Um dia queria escrever uma história dos #panelaços no Brasil. É um tema interessante, protesto social e suas múltiplas formas. E por aqui, ele foi apropriado por diferentes classes e diferentes ideologias - em diferentes contextos.
Mas a verdade é que panelaço tem uma variante latino-americana que é o cazerolazo. E como no Brasil, as "cazerolas" não têm uma ideologia específica.
No Chile, em 1971, viraram sinônimo de protesto da direita golpista contra Salvador Allende.

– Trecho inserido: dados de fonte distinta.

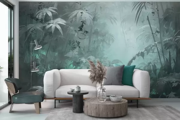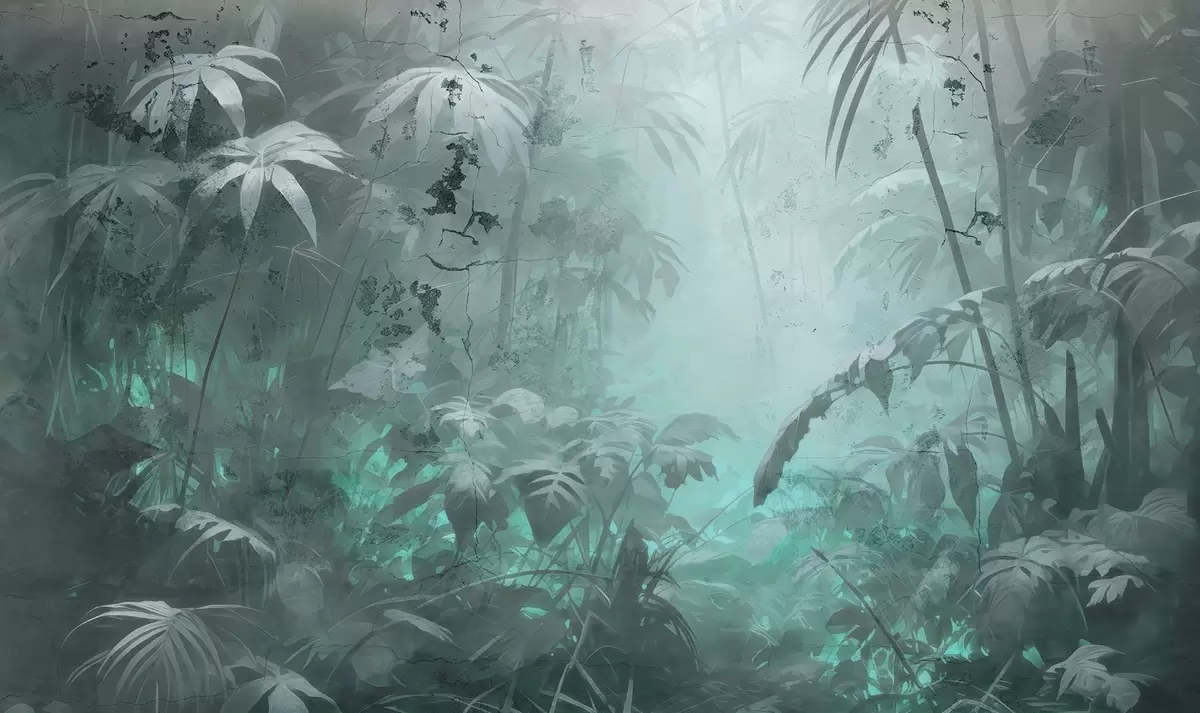 Fototapet Junglă pictată în spatele unui zid de beton murdar Nr. w04833v1

Mas tanto na Argentina, em 1982, quanto no Uruguai, em 1983, os cacerolazos foram apropriados pela luta contra a ditadura. Uma luta talvez ainda restrita a setores privilegiados...um professor meu, uruguaio, dizia que essa era um protesto das classes médias.
Na Argentina, em 2001, após a crise do governo De La Rua, os cazerolazos foram reincorporados. Mas enquanto os bairros de classe média de Buenos Aires batiam panela, as periferias tinham outros repertórios (a tradição dos piqueteros é muito foda, busquem conhecimento):
Apesar do estigma, as classes populares latino-americanas também batiam panela. Na Venezuela essa era uma tradição das classes populares nas décadas de 1980 e 1990 (louco pensar que já tinha fome na Venezuela ANTES do bolivarianismo, né não?)
Aliás, esse artigo que eu citei acima enumera vários casos interessantes para estudo, mas seu toque sobre a Argélia é muito equivocado - quem batia panela lá eram os franceses invasores, que batiam panela gritando "Argélia francesa".
No geral, pode parecer que em boa parte do mundo, o ato de bater panela era mais algo restrito a) classes médias e elites e b) mais próximo da direita do que da esquerda. Mesmo que se fale de classes populares, onde está o exemplo?
E aí entra o Brasil.
Em 1953 uma série de greves estouram no país e a maior delas reuniu 300.000 pessoas em SP contra a "carestia de vida". Os protestos se avolumaram e, segundo Murilo Leal Pereira Neto, em 1954 chegou a se formar uma aliança eleitoral chamada "Movimento da Panela Vazia".
Com participação direta do PCB (ilegal, mas atuante), o uso da panela vazia como símbolo foi importante. A ideia era mostrar como a carestia prejudicava a família brasileira (algo que os comunistas estavam atentos desde 1945, quando fundaram a primeira Liga das Donas de Casa).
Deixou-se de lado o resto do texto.